Choice of assessment tools — The use of a single assessment tool to address all the needs for neonates is not advisable as each tool was developed and validated for selected populations and clinical settings. The choice of the pain assessment tool is dependent upon the neonatal population to be assessed, and the different types of pain that need to be evaluated [79]. In our practice, we assess pain using the following tools:

PIPP-R [62,80]

NFCS [65,81]

DAN [66,67]

N-PASS [63,82]

For acute or postoperative pain, we use either the PIPP-R, the NFCS, the DAN, or the N-PASS [13,72]. For prolonged pain we use the N-PASS [63].

Several of these scales were initially developed for preterm infants.
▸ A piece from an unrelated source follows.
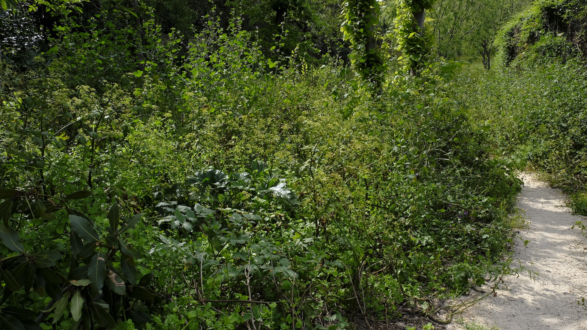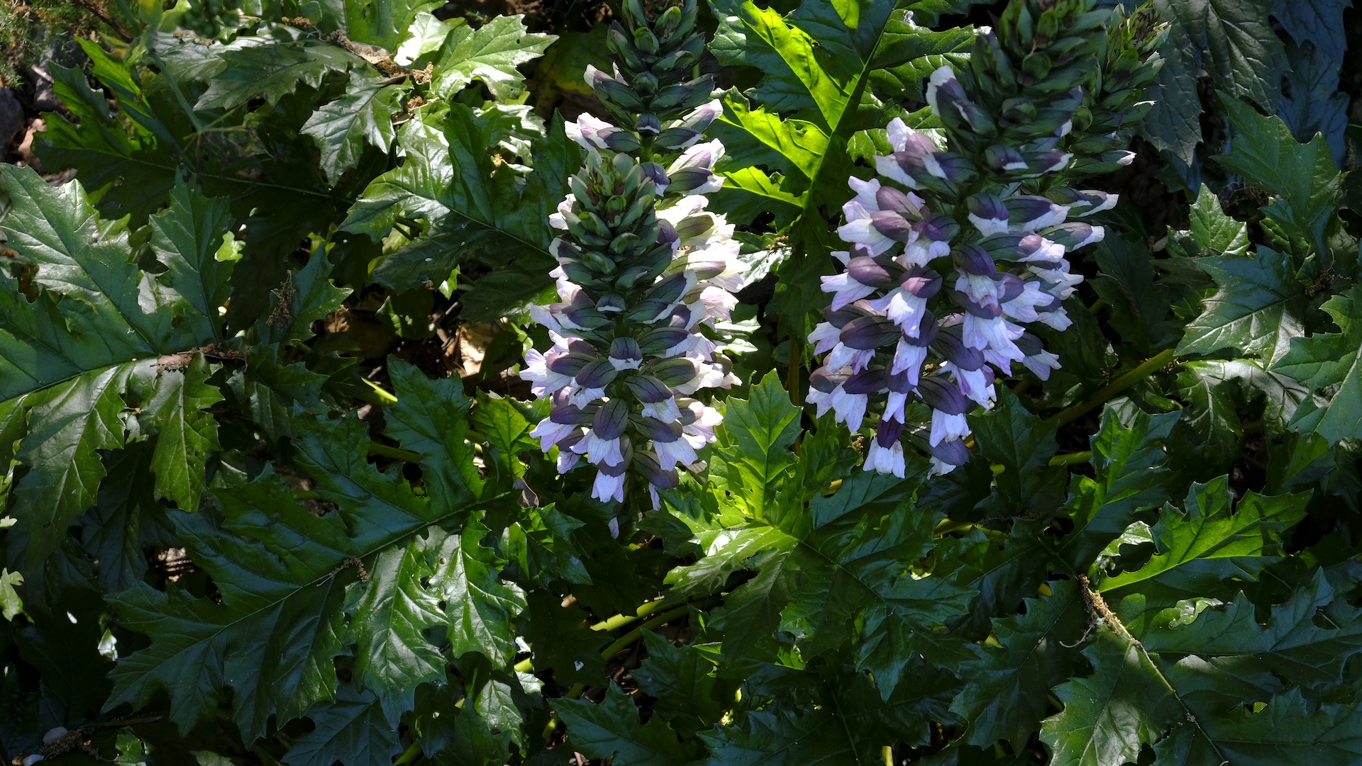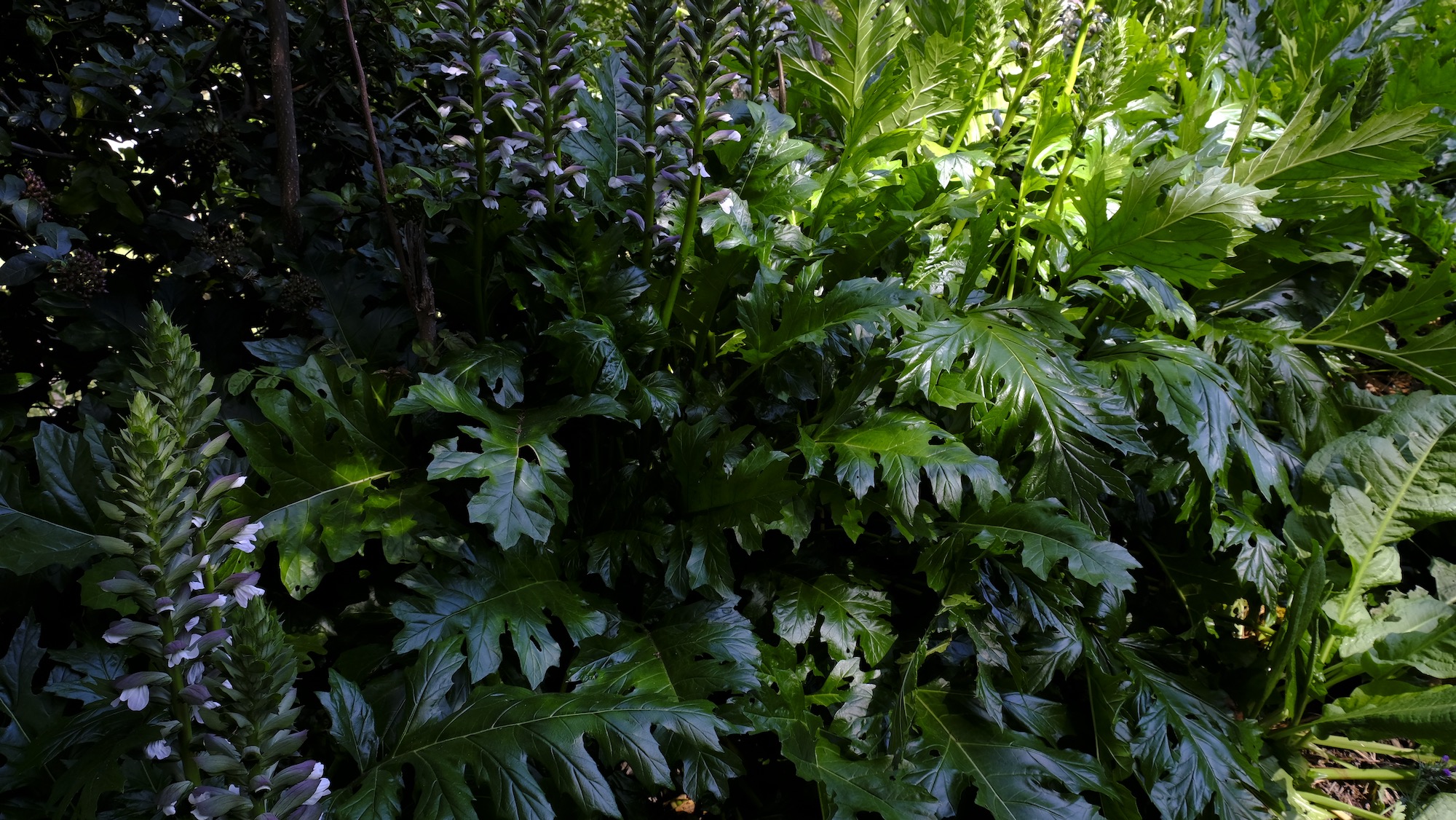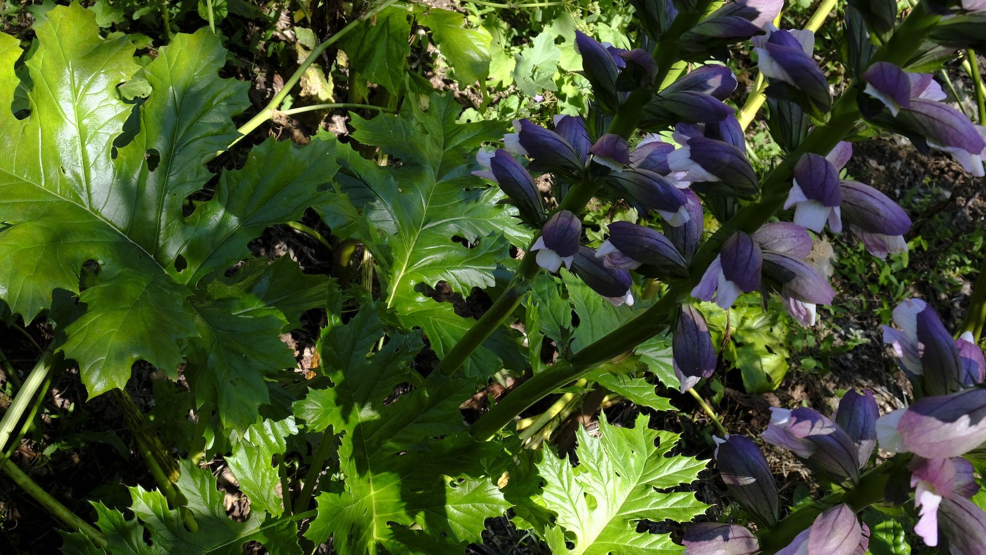 Only a few of its plants were on each borderline of the passage. There were large plots of Acanthus mollis behind a thick wall of tall weeds. My plan was to cut through the weeds on a day when most of the Acanthus would be flowering, as I did not want to damage this wild garden unnecessarily.

The PIPP has been revised with simplification of the scoring methods for oxygen saturations, facial expressions, and the baseline behavioral state, while expanding its application for neonates with GA from 25 to 41 weeks [80]. Although initial validation and feasibility of the revised version has been published [62,80], further validation and dissemination are ongoing.

Three multicenter studies illustrate the wide range of pain assessment tools used in NICUs:

In the first study, 12 sites evaluated by the 2002 Neonatal Intensive Care Quality Improvement Collaborative used five different assessment tools [51].

In the second study from the Child Health Accountability Initiative (CHAI), 10 sites used eight different assessment tools [55].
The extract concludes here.